**WORK ORDER**
Pictures aside, write out the data exactly as it reads.

**PROVIDED DATA**
----

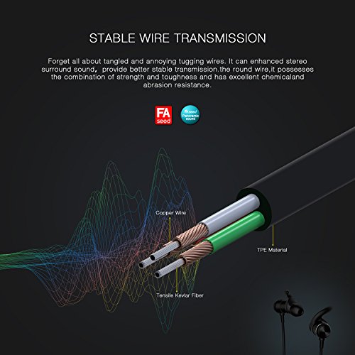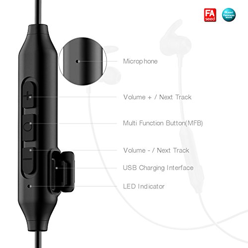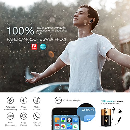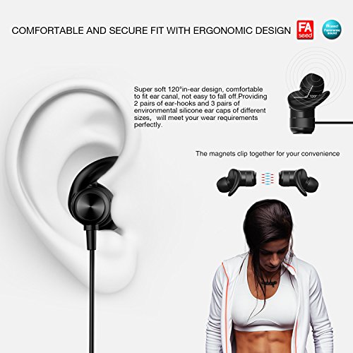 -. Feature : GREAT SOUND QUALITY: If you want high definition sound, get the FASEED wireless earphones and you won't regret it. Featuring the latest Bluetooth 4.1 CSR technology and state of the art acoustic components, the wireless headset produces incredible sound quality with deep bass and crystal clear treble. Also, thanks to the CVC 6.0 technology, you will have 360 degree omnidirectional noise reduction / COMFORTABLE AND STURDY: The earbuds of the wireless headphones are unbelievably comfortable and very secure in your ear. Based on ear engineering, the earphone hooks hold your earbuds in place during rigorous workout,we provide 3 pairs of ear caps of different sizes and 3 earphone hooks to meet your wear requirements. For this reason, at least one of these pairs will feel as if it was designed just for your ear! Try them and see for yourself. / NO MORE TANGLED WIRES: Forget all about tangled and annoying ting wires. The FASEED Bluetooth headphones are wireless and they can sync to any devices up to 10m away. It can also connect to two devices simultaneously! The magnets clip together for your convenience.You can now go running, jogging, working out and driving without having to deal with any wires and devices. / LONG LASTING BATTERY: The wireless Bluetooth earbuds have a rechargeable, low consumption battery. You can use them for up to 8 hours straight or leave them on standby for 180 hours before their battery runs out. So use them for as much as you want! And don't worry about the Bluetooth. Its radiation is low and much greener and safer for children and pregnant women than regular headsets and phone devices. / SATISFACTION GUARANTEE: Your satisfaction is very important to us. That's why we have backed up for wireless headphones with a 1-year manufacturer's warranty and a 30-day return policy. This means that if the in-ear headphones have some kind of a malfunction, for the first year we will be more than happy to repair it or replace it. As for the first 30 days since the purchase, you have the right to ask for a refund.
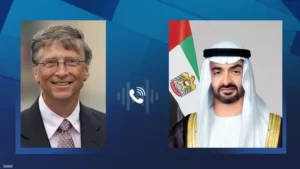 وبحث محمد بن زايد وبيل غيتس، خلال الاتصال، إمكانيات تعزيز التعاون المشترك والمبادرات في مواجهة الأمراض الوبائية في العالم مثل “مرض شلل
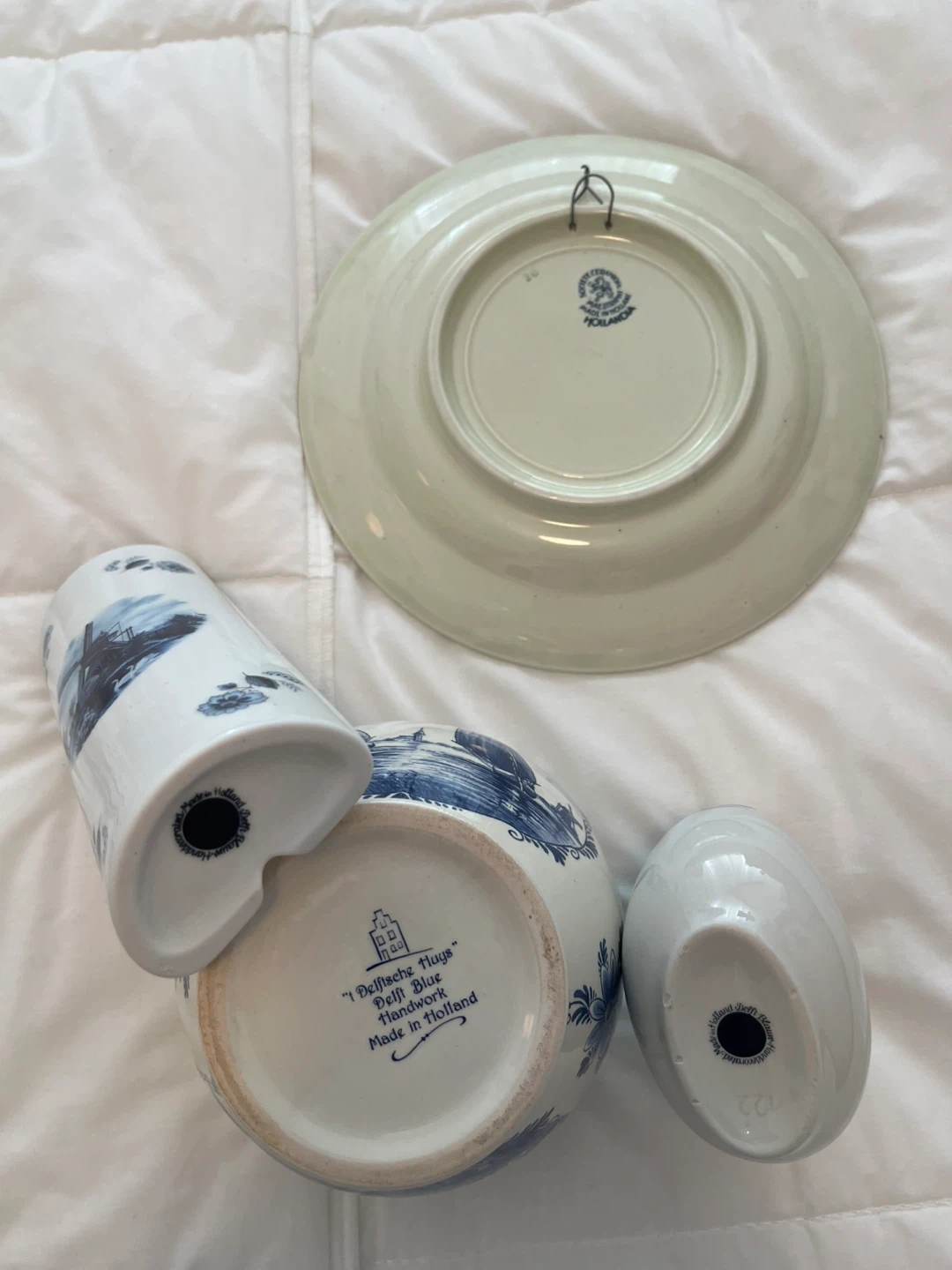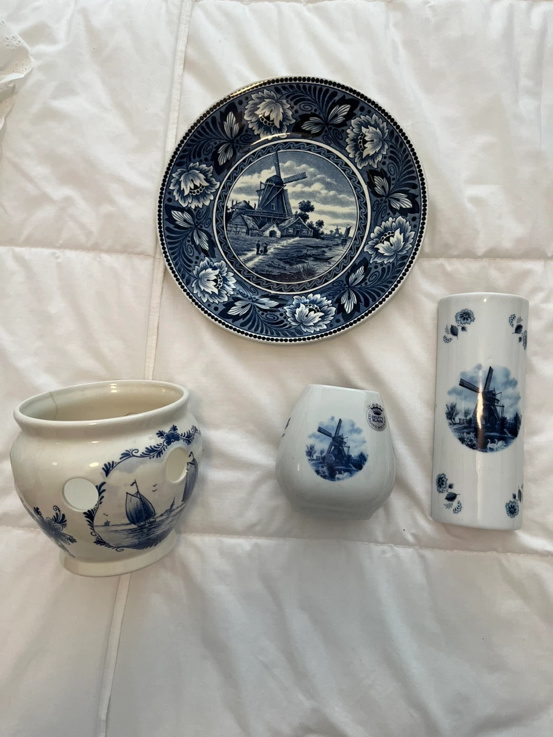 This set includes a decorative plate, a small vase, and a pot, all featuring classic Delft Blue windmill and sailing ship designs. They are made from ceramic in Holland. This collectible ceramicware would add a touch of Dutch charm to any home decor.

----

**COMPLETED TASK**
 -. Feature : GREAT SOUND QUALITY: If you want high definition sound, get the FASEED wireless earphones and you won't regret it. Featuring the latest Bluetooth 4.1 CSR technology and state of the art acoustic components, the wireless headset produces incredible sound quality with deep bass and crystal clear treble. Also, thanks to the CVC 6.0 technology, you will have 360 degree omnidirectional noise reduction / COMFORTABLE AND STURDY: The earbuds of the wireless headphones are unbelievably comfortable and very secure in your ear. Based on ear engineering, the earphone hooks hold your earbuds in place during rigorous workout,we provide 3 pairs of ear caps of different sizes and 3 earphone hooks to meet your wear requirements. For this reason, at least one of these pairs will feel as if it was designed just for your ear! Try them and see for yourself. / NO MORE TANGLED WIRES: Forget all about tangled and annoying ting wires. The FASEED Bluetooth headphones are wireless and they can sync to any devices up to 10m away. It can also connect to two devices simultaneously! The magnets clip together for your convenience.You can now go running, jogging, working out and driving without having to deal with any wires and devices. / LONG LASTING BATTERY: The wireless Bluetooth earbuds have a rechargeable, low consumption battery. You can use them for up to 8 hours straight or leave them on standby for 180 hours before their battery runs out. So use them for as much as you want! And don't worry about the Bluetooth. Its radiation is low and much greener and safer for children and pregnant women than regular headsets and phone devices. / SATISFACTION GUARANTEE: Your satisfaction is very important to us. That's why we have backed up for wireless headphones with a 1-year manufacturer's warranty and a 30-day return policy. This means that if the in-ear headphones have some kind of a malfunction, for the first year we will be more than happy to repair it or replace it. As for the first 30 days since the purchase, you have the right to ask for a refund.
 وبحث محمد بن زايد وبيل غيتس، خلال الاتصال، إمكانيات تعزيز التعاون المشترك والمبادرات في مواجهة الأمراض الوبائية في العالم مثل “مرض شلل
 This set includes a decorative plate, a small vase, and a pot, all featuring classic Delft Blue windmill and sailing ship designs. They are made from ceramic in Holland. This collectible ceramicware would add a touch of Dutch charm to any home decor.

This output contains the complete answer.